Hilfe in Yangon

Auf Couchsurfing sind erstaunlich viele Leute von Rangun angemeldet. Sie dürfen offiziell ihre Couch keinem Ausländer zur Verfügung stellen, weil diese nur in lizensierten Hotels und Gästehäusern übernachten dürfen. Viele melden sich auf Couchsurfing an, um Leute für einen Kaffe oder Tee zu treffen. Wir nehmen Kontakt mit Saya auf und verabreden uns in unserer Unterkunft. Pünktlich holt uns Saya ab. Unser neue Freund aus dem Internet ist um die 40, trägt ein Longyi und kaut Tabak.
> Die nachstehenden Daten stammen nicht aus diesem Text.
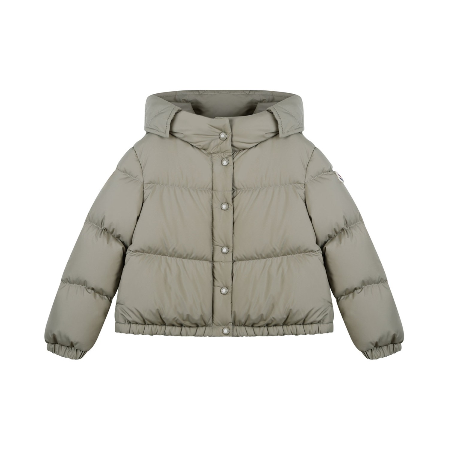 Moncler Enfant Padded Jacket. Padded jacket crafted from polyester, nylon lining, down-filled. Hood with polyester lining, zip and snap button closure. Pockets with snap button closure, elastic cuffs and hem.
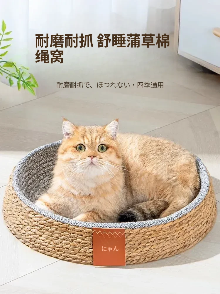 通気性抜群!夏に最適な藤編み猫ハウス - 4シーズン対応、ペット専用の人気猫ベッド。快適で耐久性があり、猫も犬も大満足のリゾート空間を提供します!
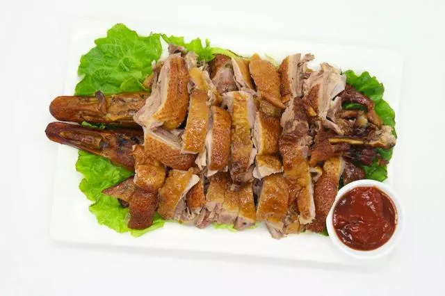 聞名四方的巽宅燒鵝制作工藝別出心裁。先將鵝宰殺洗凈,取出內(nèi)臟(可制成另一道美味佳肴,名為鵝雜),放入調(diào)制好的湯料中煮熟,撈其放入鍋中用大米等熏制而成,色澤金黃,香味清淡,肉味鮮美,嫩滑,油而不膩,老少皆宜。

Freundschaften über Grenzen
Er bringt uns in einen kleinen Teashop in einer Nebenstrasse. Der Shop gehört einem Freund. Wir trinken Tee und burmesisches Citro. Saya erzählt uns, warum er sich bei Couchsurfing angemeldet hatte. Zwischendurch fällt der Strom aus. Wir sitzen im Dunkeln und sehen nur noch die Silhouette von Saya. Er lernte Englisch im Selbststudium, redet fliessend, aber die Aussprache ist etwas unverständlich. Trotzdem bringen wir seine Geschichte mit Couchsurfing am Schluss ungefähr zusammen.
Saya lernte vor einigen Jahren einen Kanadier kennen, der durch Burma reiste. Sie blieben über E-Mail in Kontakt. Als 2008 der Zyklon Nargis über das Land rollte und viele Menschen in den Tod riss meldete sich Saya’s ausländischer Freund und war besorgt um Saya und seine Familie. Sie waren unverletzt. Der Sturm riss jedoch das Dach von ihrem Haus. Der Kanadier spendete ihnen 400 $, damit sie das Dach neu bauen konnten. Aus Dankbarkeit meldete sich Saya bei Couchsurfing an, damit er in Zukunft Ausländern in Burma helfen kann.
Praktische Hilfe
Nach dem Tee führt uns Saya durch die Strassen seiner Heimatstadt, zeigt uns den Bahnhof, die städtische Busstation und verrät uns die besten Wechselkurse für die burmesischen Kyats.
Am nächsten Abend treffen wir uns wieder. Ein Lift bringt uns in das oberste Stockwerk eines Hochhauses. Im gediegenen Restaurant sieht man über die ganze Stadt. Hier hat es einige Ausländer. Die wenigsten Einheimischen können die Preise hier bezahlen. Wir bestellen ein Getränk. Hoch über den Strassen von Rangun fühlen wir uns freier zu reden. Saya erzählt von Medienzensur und anderen schwierigen Situationen in ihrem Land.
Am Schluss gibt er uns seine Telefonnummer. Falls wir auf unserer Reise in Burma Probleme hätten, sollen wir ihn anrufen.